Table 8 delineates notable differences in time complexity amongst the models. TabPFN emerges as the most time-efficient option, as evidenced by its superior training–test time metric results across all experimental scenarios compared to other algorithms. For a 10-class problem with a training set size of 1000, TabPFN requires only 4.01 s. The results indicate that RF is the second most favourable option in terms of complexity, with times ranging from 1.97 s for a training set size of 250–4.04 s for a training set size of 1000, suggesting that RF possesses a reasonable time complexity. Conversely, XGBoost exhibits the highest time complexity amongst the four algorithms, with time complexity escalating significantly with the size of the training set and the number of classes. For a 10-class problem with a training set size of 1000, XGBoost necessitates the longest time amongst all the scenarios at 10.42 s. LightGBM has a lower time complexity than XGBoost but higher than RF and TabPFN, requiring 9.07 s for the same problem.

The metric analysis indicates that TabPFN outperforms in most of the situations presented during the experimentation. RF and XGBoost exhibit superior performance for the 6-class and 10-class classifications with 500 and 250 training samples, respectively. However, the difference between the best and second-best algorithms, according to the metrics, is typically only 3–5%. This suggests that TabPFN should be the algorithm of choice for most situations in the IIoT environment.

The computational resources of the devices that are tasked to run and deploy the IDS based on ML algorithms are a critical factor in algorithm selection. If the algorithm possesses a higher computational complexity than the device can support, the performance of the IDS may be compromised. Therefore, the analysis of time complexity demonstrates that TabPFN yields the best results in this regard. RF is the second most favourable option based on its classification performance and is a suitable ML technique to deploy.
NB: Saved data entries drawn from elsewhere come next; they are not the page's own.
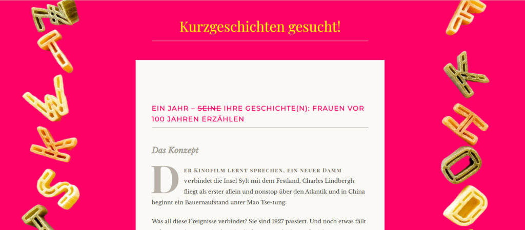 In diesem Jahr riefen wir erstmalig auf zur Einreichung von Storys für das Jahr 1927 – ein Jahr ihre Geschichten.
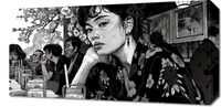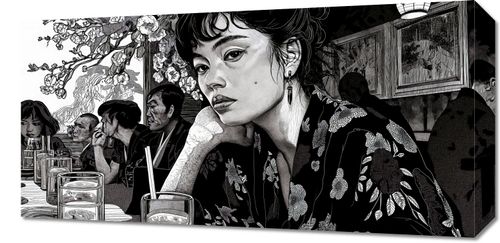 Obraz z serii motywy wschodnie zatytułowany Czarne Kimono. Przedstawia on czarno-białą scenę w restauracji, w której centralną postacią jest młoda kobieta o intensywnym spojrzeniu, ubrana w tradycyjny, kwiecisty kimono. Jej postać wyróżnia się na tle pozostałych gości, a szczegółowa grafika podkreśla wyraźne detale jej stroju i delikatnych rysów twarzy. Tło, zdobione motywem kwiatowym, nadaje głębi i kontekstu kulturowego, a całość kompozycji wywołuje atmosferę introspekcji i spokoju. Ten obraz idealnie nadaje się do wnętrz, które chcą oddać hołd klasycznej estetyce Dalekiego Wschodu lub po prostu wprowadzić element zastanowienia i piękna. Doskonale wpasuje się w przestrzenie takie jak salon, gabinet, a nawet miejsca publiczne, które pragną zapewnić swoim gościom wizualny odpoczynek i chwilę zadumy.
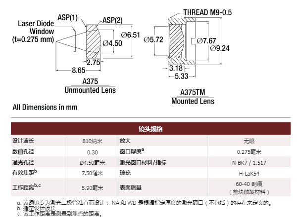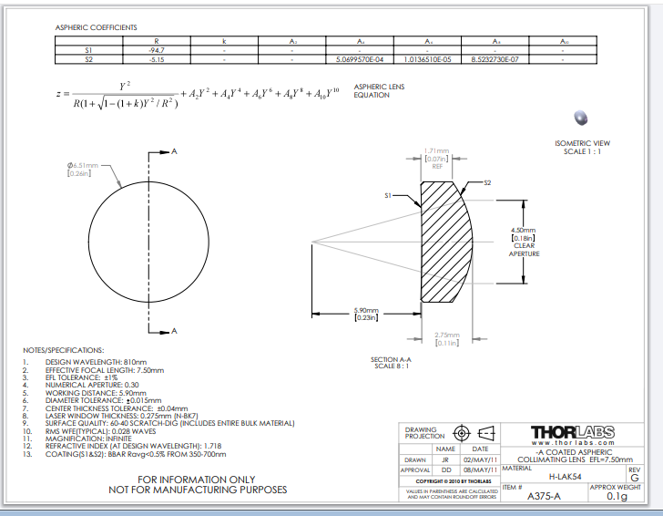 Thorlabs索雷博 A375-A 非球面透镜
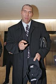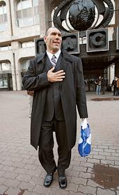 Чемпион мира по боксу по версии "ВБА" в супертяжелом весе Николай Валуев после окончания пресс-конференции, посвященной поединку российского боксера-профессионала Александра Поветкина в рамках проведения международного турнира. Пресс-конференция прошла в агентстве "ИТАР-ТАСС".
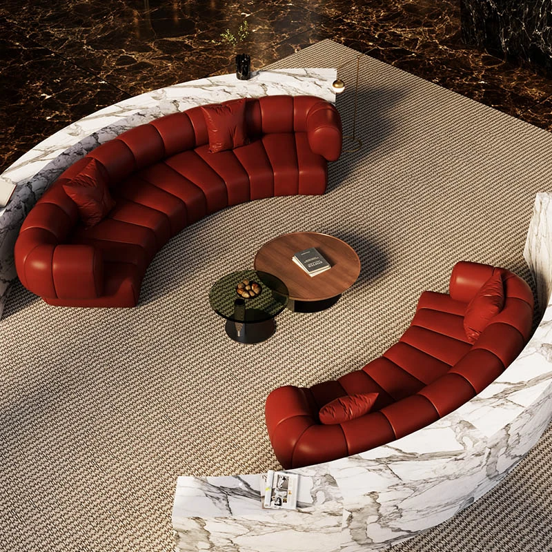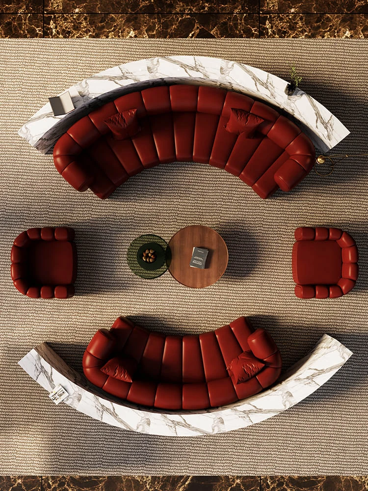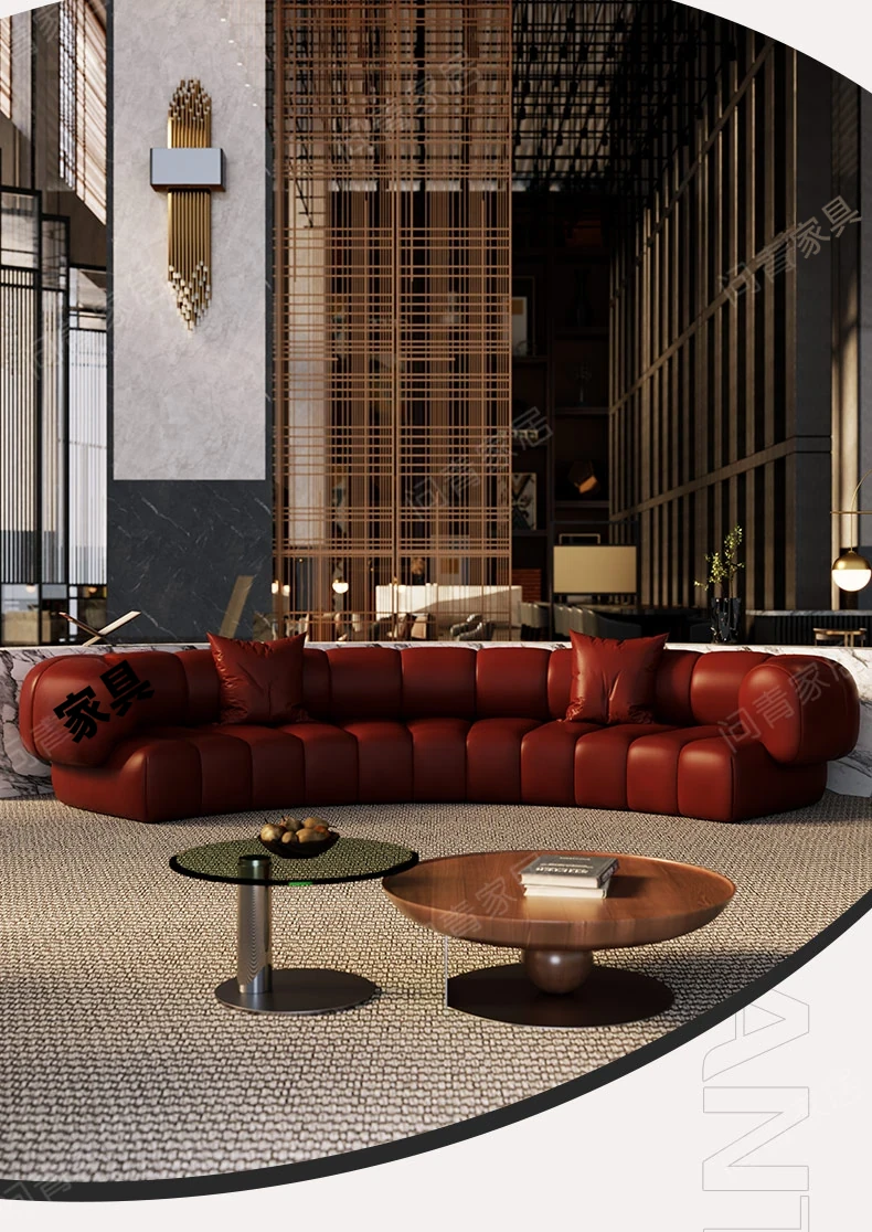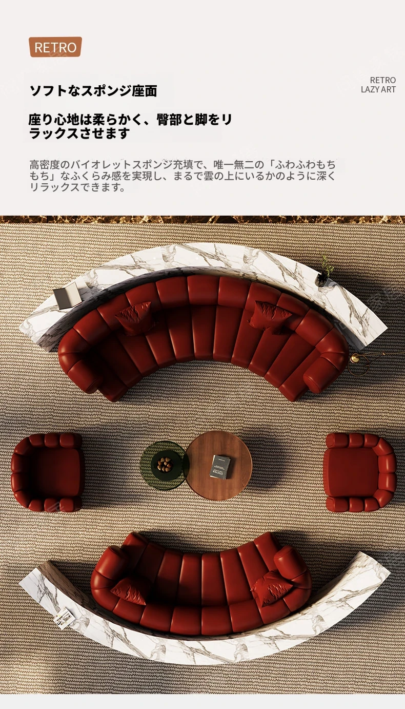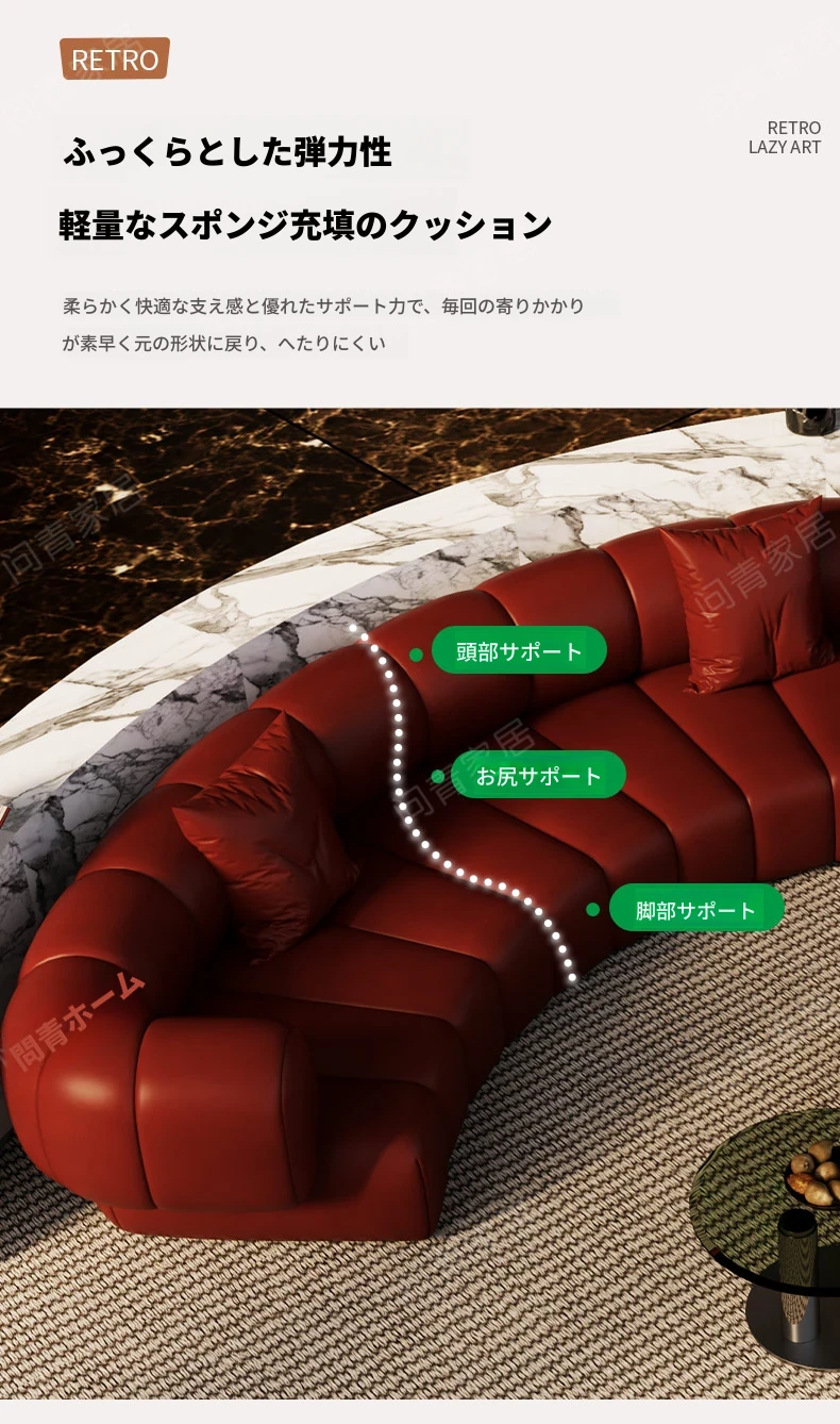 魅力的ハーフアーチソファー、ユニークなワインレッドカラー!オフィス、ショールーム、ホテルロビーに最適なリラックス空間を演出。お客様を魅了する接客エリアにぴったりです!

6.5 Analysis of TabPFN model deployment

The IDS deployed, as depicted the confusion matrix in Fig. 5, was evaluated within an IIoT context using the dataset delineated in the Sect. 5.4. The IDS demonstrated robust performance in accurately classifying normal activities, with no instances of false positives. However, the model exhibited certain limitations, particularly in differentiating between various types of attacks.

Fig. 5
figure 5

Confusion matrix of TabPFN model during deployment experimentation

For example, while the model accurately identified DoS attacks a majority of the time, it erroneously classified information gathering as DoS. This suggests that there may be overlapping features between these two classes. Similarly, the information gathering class was frequently misclassified as DoS, injection, and malware, indicating a need for additional training to enhance the model’s ability to distinguish between these attack types.

The model exhibited commendable performance in identifying injection attacks, but it also misclassified DoS and information gathering as injection ones, implying shared features amongst these classes. The model accurately identified malware attacks, but it also misclassified information gathering and MiTM attacks as malware. This suggests a potential requirement for supplementary training data for these classes or a review of feature importance to comprehend this overlap, which could be attributed to the common behaviour of malware binaries with these attack categories.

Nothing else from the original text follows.